▸ What to do
Could you return, exactly as written, every line from the one containing "Gefahrguteinsatz aufgrund überhitzter" through the last line of the entries below, leaving out the pictures?

▸ Extracted records
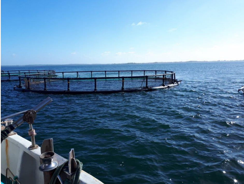
Havbruget set fra Agersø siden.
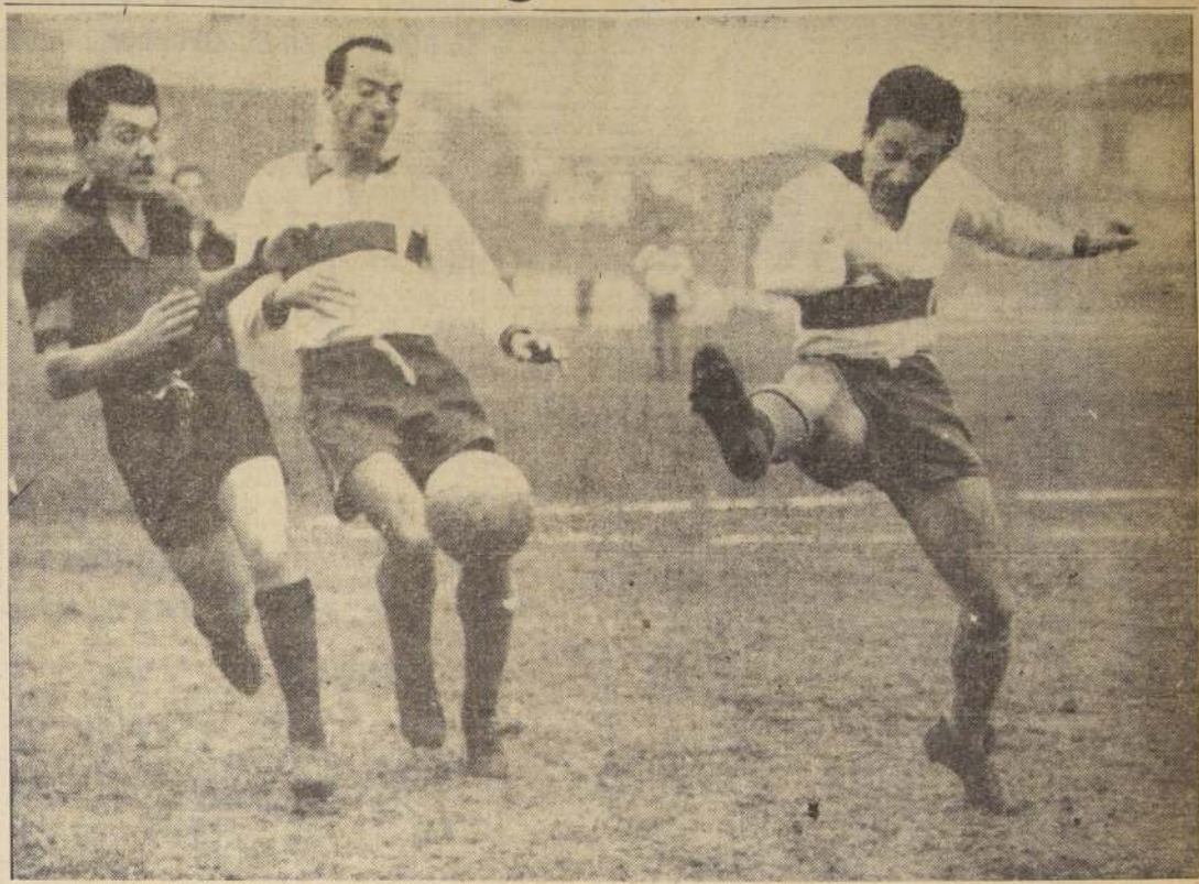
EL 29 DE JUNIO, para San Pedro, jugaron en el Estadio de Independencia, Universidad Católica y Rangers, de Talca, en disputa de los puntos del torneo oficial. Se registró un empate a dos goles. El grabado registra un pasaje del juego, en momentos en que Sánchez rechaza con violencia, en tanto que Roldán contiene la entrada de un forward suizo. Ahora, los locos enfrentarse en la revancha, en el Estadio Fiscal de Talca, donde las expectativas de Rangers se

Porque al momento en que la AFA tome una resolución oficial y concrete la misma aceptando las condiciones solicitadas por los países participantes, se encuentre con que éstos, apremiados por sus necesidades y tras una espera tan larga como infructuosa, rechacen todo ofrecimiento por estas causas a otros compromisos, todos los cuales mantienen pendientes desde hace largo tiempo a la espera de una resolución de la Asociación del Fútbol Argentino. Sería este el mejor argumento que tendrían en la mano aquellos sectores del fútbol argentino que no desean la realización del Campeonato Sudamericano. En el momento actual nada garantiza de que el torneo se hará.
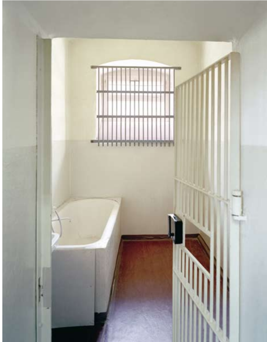
Sonderhaftanstalt Bautzen II, Badezelle, 2004
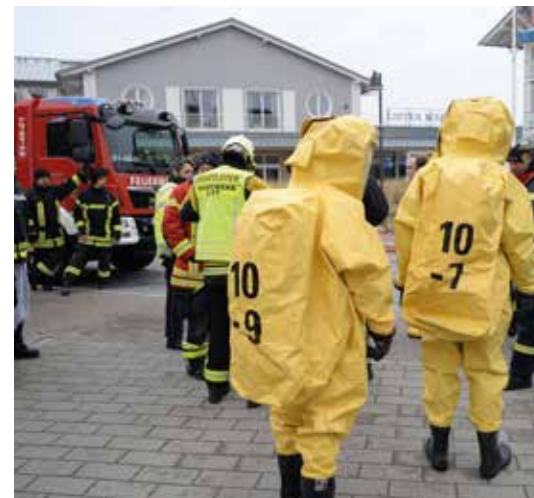
Gefahrguteinsatz aufgrund überhitzter Notstrombatterien
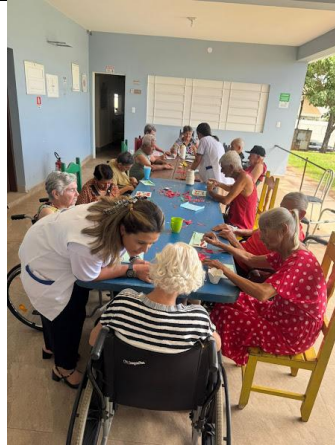
30/12/2025 – acompanhamento psico
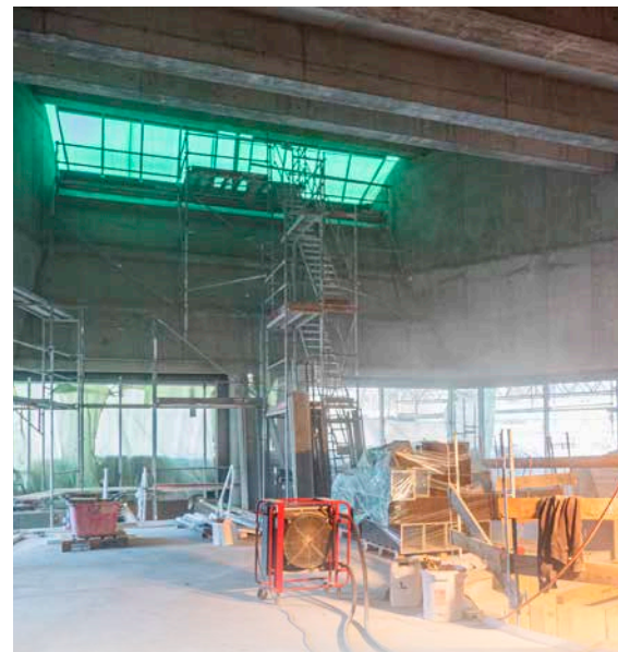
Foto links: Die Schoggi-Häsli sind ab 10. März in der Confiserie Himmel in Baden und in der Bäckerei Frei im Markthof Nussbaumen erhältlich.
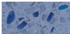
żywica Provence + kruszywo Sapphire
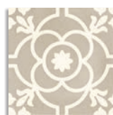
Blomknopp Siena G.156
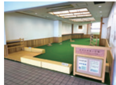
びわ湖材を使用した施設 (びわこポートレース木のふれあい広場)

▸ Solved problem
Gefahrguteinsatz aufgrund überhitzter Notstrombatterien
30/12/2025 – acompanhamento psico
Foto links: Die Schoggi-Häsli sind ab 10. März in der Confiserie Himmel in Baden und in der Bäckerei Frei im Markthof Nussbaumen erhältlich.
żywica Provence + kruszywo Sapphire
Blomknopp Siena G.156
びわ湖材を使用した施設 (びわこポートレース木のふれあい広場)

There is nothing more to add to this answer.